What you have to do: Copy each line below that includes "with".

Data to examine:
= = = = =
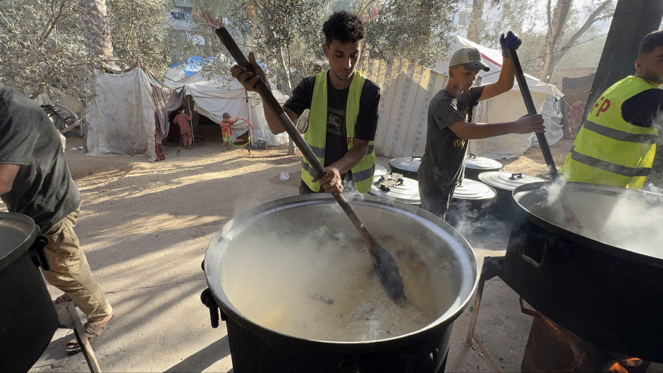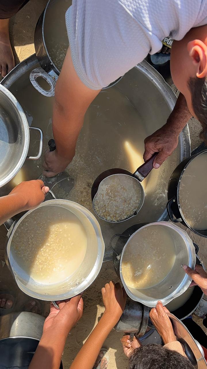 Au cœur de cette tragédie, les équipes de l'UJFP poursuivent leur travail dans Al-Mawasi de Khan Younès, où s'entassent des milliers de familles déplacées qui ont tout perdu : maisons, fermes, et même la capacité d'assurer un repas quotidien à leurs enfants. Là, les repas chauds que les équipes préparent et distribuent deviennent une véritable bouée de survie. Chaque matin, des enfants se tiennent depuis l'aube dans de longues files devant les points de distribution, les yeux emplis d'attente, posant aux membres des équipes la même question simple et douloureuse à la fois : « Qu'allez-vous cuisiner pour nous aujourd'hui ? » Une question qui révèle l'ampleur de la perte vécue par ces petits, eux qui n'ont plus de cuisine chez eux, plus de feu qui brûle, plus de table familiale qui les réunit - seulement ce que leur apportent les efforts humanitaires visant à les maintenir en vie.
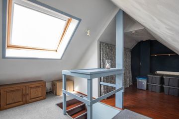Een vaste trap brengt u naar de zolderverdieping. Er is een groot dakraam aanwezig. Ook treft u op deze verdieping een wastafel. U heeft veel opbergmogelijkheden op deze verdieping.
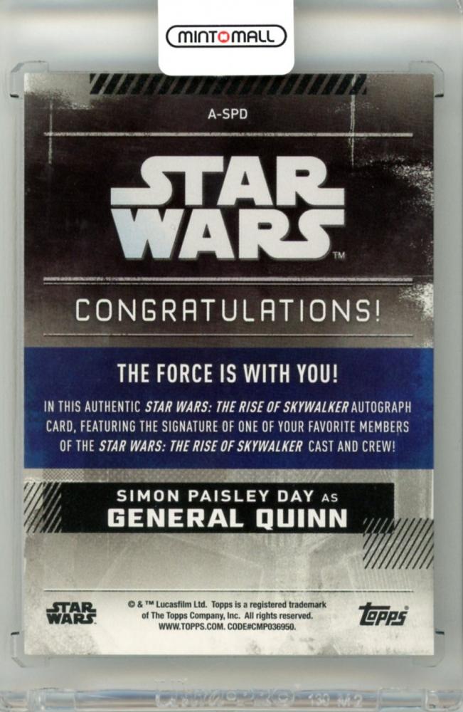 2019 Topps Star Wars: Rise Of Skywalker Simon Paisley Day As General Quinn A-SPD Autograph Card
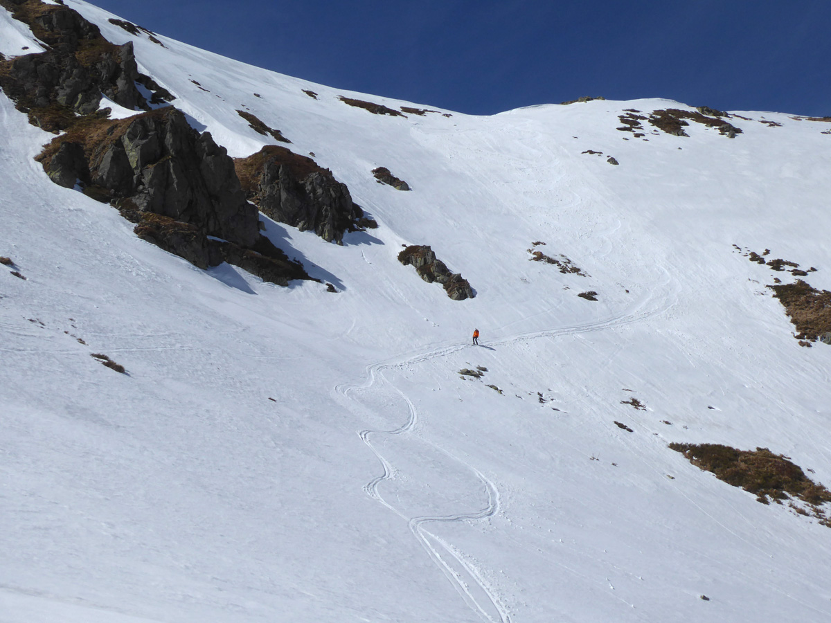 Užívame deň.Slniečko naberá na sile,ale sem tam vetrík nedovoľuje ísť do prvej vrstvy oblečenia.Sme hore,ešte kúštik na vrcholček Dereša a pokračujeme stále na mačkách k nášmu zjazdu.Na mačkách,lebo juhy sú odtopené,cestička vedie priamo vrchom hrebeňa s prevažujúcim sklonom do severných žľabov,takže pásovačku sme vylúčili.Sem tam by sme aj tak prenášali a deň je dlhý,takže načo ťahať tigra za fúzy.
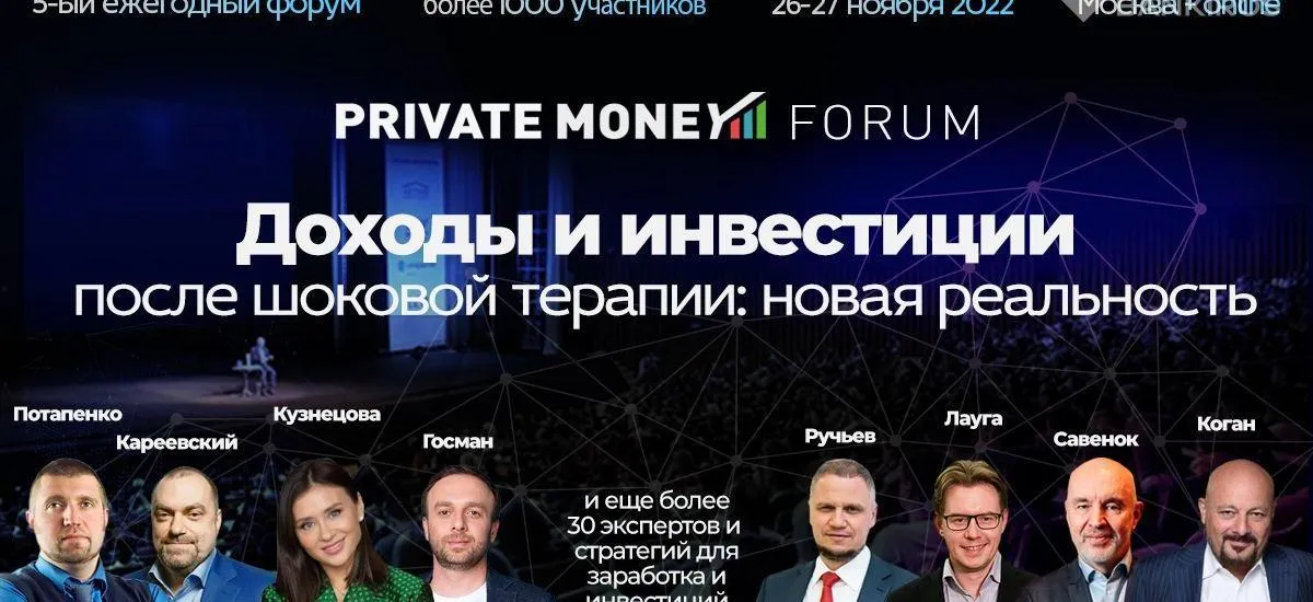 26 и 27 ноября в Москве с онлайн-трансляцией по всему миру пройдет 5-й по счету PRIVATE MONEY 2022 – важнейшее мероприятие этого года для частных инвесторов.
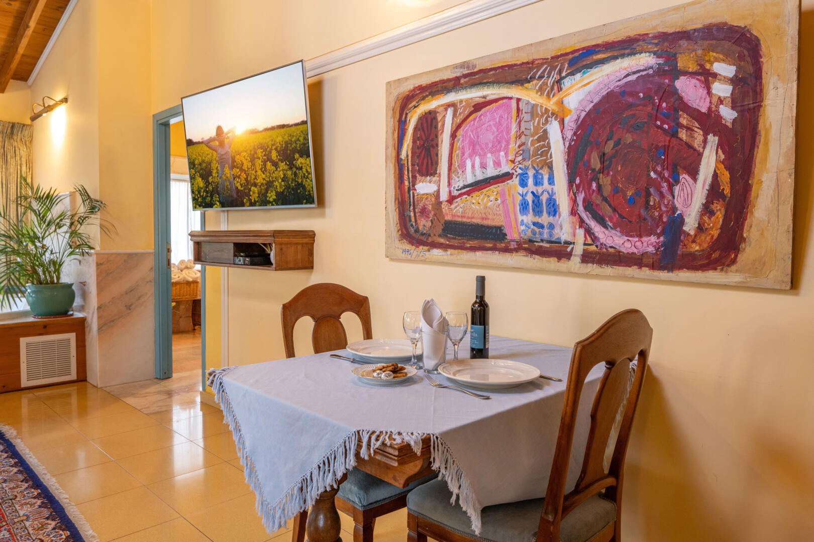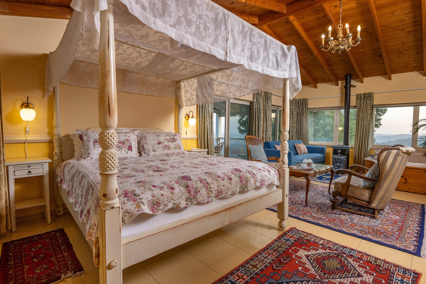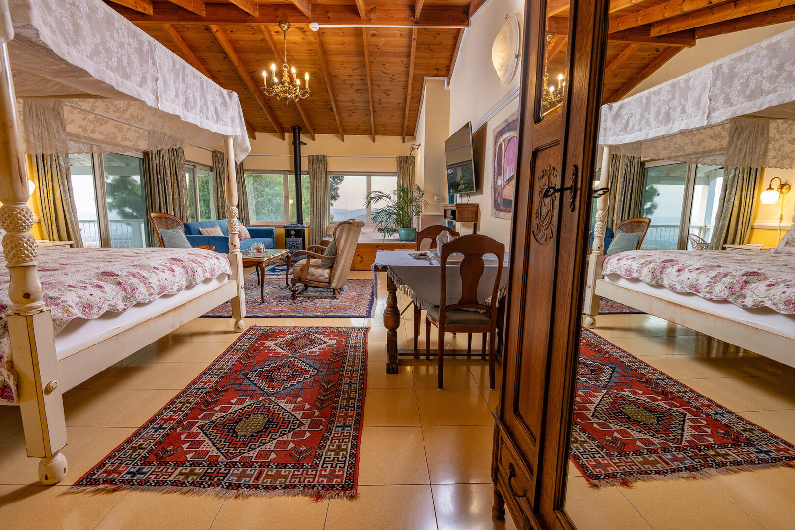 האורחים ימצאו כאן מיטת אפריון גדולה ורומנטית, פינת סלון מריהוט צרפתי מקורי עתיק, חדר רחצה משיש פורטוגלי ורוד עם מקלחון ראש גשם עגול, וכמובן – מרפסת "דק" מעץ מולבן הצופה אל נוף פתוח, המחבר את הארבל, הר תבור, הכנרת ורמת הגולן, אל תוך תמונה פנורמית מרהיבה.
= = = = =
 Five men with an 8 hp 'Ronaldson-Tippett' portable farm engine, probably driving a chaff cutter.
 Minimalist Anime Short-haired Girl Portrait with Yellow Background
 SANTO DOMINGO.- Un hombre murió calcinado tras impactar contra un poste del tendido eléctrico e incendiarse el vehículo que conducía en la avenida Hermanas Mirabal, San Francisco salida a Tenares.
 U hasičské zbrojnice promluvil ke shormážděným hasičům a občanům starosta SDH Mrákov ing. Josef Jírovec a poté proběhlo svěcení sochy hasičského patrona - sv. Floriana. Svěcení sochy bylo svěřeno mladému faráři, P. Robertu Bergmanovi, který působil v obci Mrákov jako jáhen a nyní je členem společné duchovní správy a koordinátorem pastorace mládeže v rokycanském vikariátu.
= = = = =
Answer to the problem:
 Five men with an 8 hp 'Ronaldson-Tippett' portable farm engine, probably driving a chaff cutter.
 Minimalist Anime Short-haired Girl Portrait with Yellow Background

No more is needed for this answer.